2.2.2.2.5 Access annotation repositories

The various gene annotation databases can also be accessed through discoverpy. These can be used to get information about a particular gene or a set of genes.

  • Get all annotation databases
discover.annotation_repo.get_annotation_databases()

annotation query 1

  • Get annotations for a list of genes from a particular database. Getting Reactome pathways for the genes.
discover.annotation_repo.get_feature_annotation(data_lake, _docid, list_of_genes, n=10000)

annotation query 2

2.2.2.3 Downloading a dataset

Discoverpy can be used to download a dataset from a repository. This can be done by using the “key” of the dataset in the repository.

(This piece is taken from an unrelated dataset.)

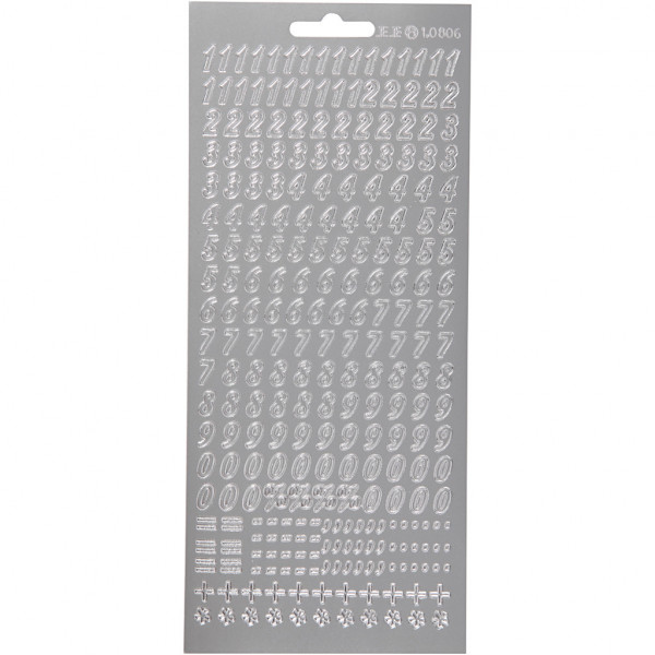 Sticker, Blatt 10x23 cm, Silber, Zahlen, 1Bl. [HOB-170213]
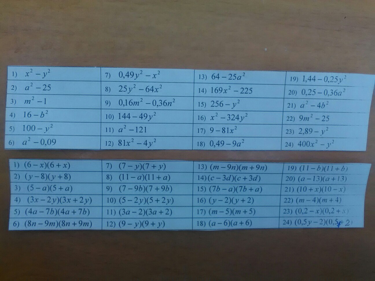 7. (0,7y-x)(0,7y+x)

query_list = discover.dataset_repo.get_n_datasets_for_field('publication_name', '28756234', regexp=False)[0]
# Get key of the first file returned by the query
file_key = query_list[0]["_source"]["kw_key"]
'GEO_data_lake/data/Microarray/GSE100129/GCT/GSE100129_GPL10558_curated.gct'
discover.get_file(key, repo_id="9", local_fp="downloaded_file.gct")

This will download the file to the local environment.